* **Exercise goal**: The reply should contain every entry below exactly as written, with no images.

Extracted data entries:
──────

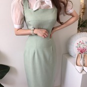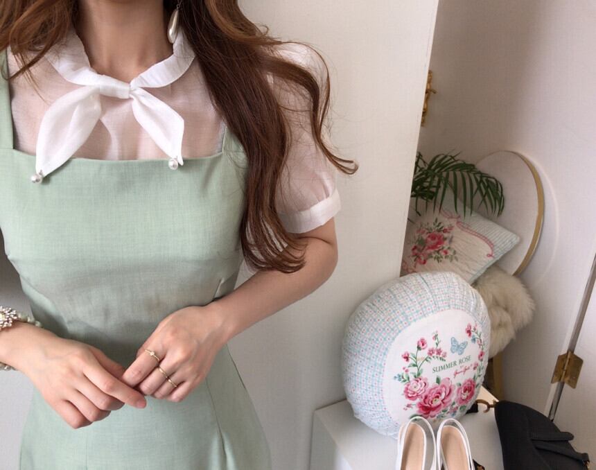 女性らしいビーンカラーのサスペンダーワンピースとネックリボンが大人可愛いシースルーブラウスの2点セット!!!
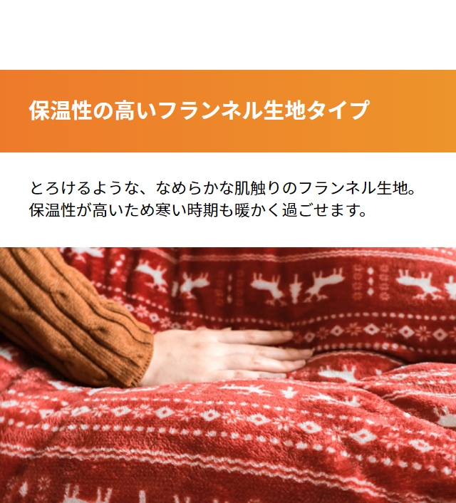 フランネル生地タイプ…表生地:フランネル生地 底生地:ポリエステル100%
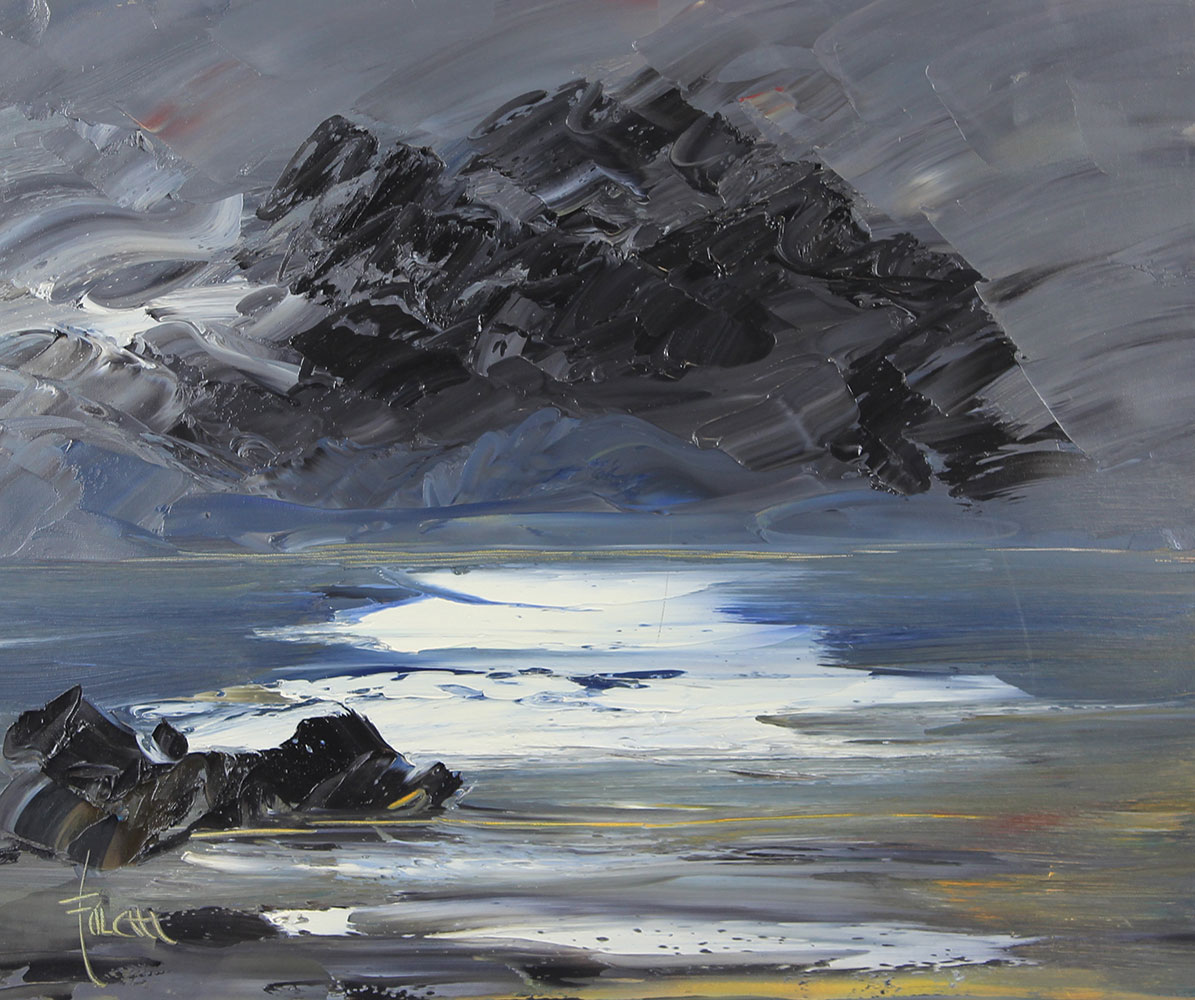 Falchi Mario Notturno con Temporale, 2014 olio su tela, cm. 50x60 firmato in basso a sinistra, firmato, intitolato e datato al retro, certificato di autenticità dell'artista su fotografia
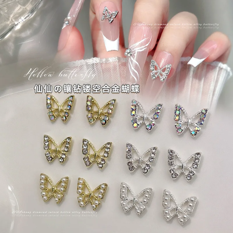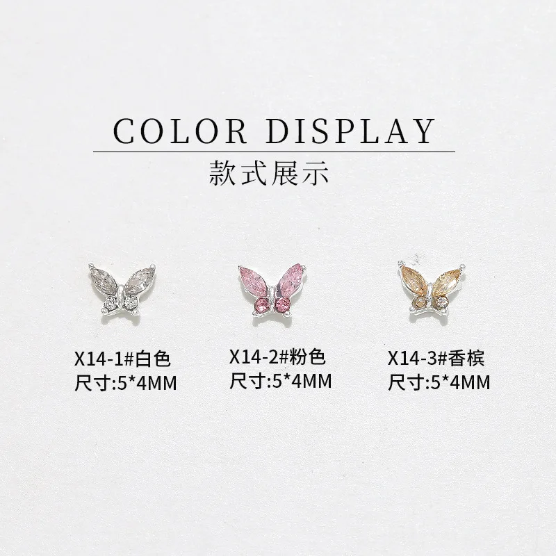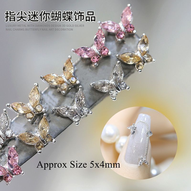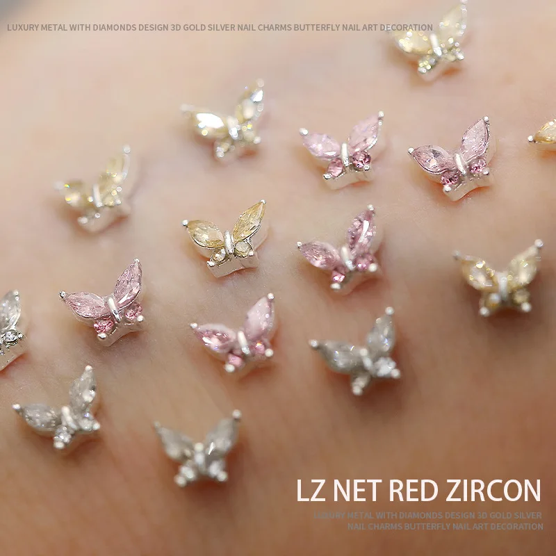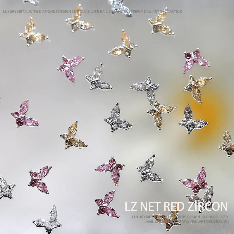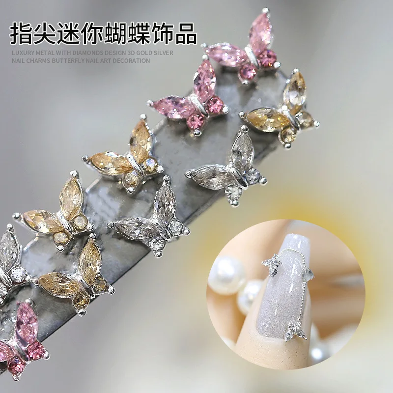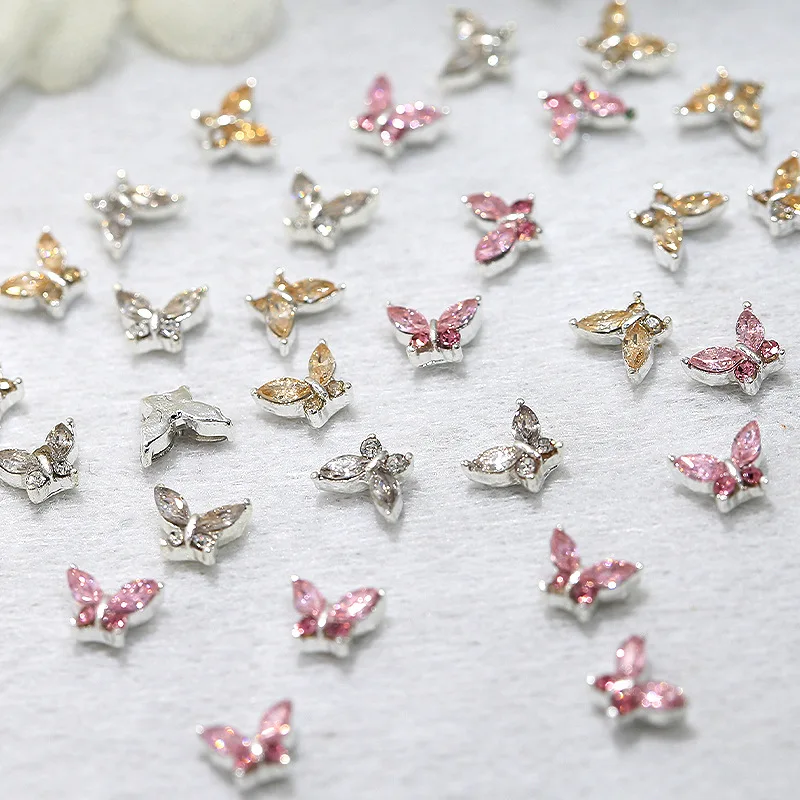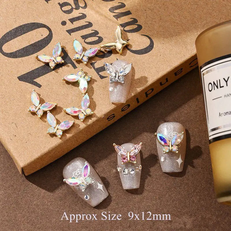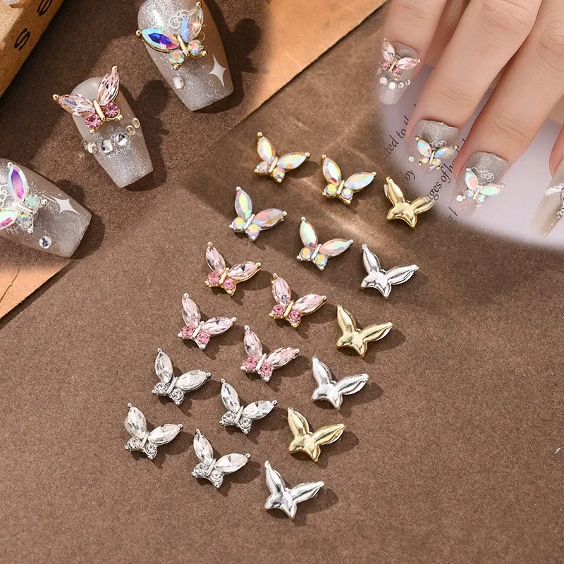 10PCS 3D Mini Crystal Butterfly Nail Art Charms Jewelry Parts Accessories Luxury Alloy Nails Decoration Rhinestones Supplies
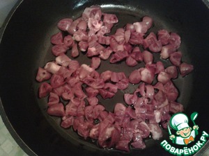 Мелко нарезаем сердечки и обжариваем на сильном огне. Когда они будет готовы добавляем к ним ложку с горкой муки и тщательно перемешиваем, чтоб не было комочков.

──────

* **Written response**:
 女性らしいビーンカラーのサスペンダーワンピースとネックリボンが大人可愛いシースルーブラウスの2点セット!!!
 フランネル生地タイプ…表生地:フランネル生地 底生地:ポリエステル100%
 Falchi Mario Notturno con Temporale, 2014 olio su tela, cm. 50x60 firmato in basso a sinistra, firmato, intitolato e datato al retro, certificato di autenticità dell'artista su fotografia
 10PCS 3D Mini Crystal Butterfly Nail Art Charms Jewelry Parts Accessories Luxury Alloy Nails Decoration Rhinestones Supplies
 Мелко нарезаем сердечки и обжариваем на сильном огне. Когда они будет готовы добавляем к ним ложку с горкой муки и тщательно перемешиваем, чтоб не было комочков.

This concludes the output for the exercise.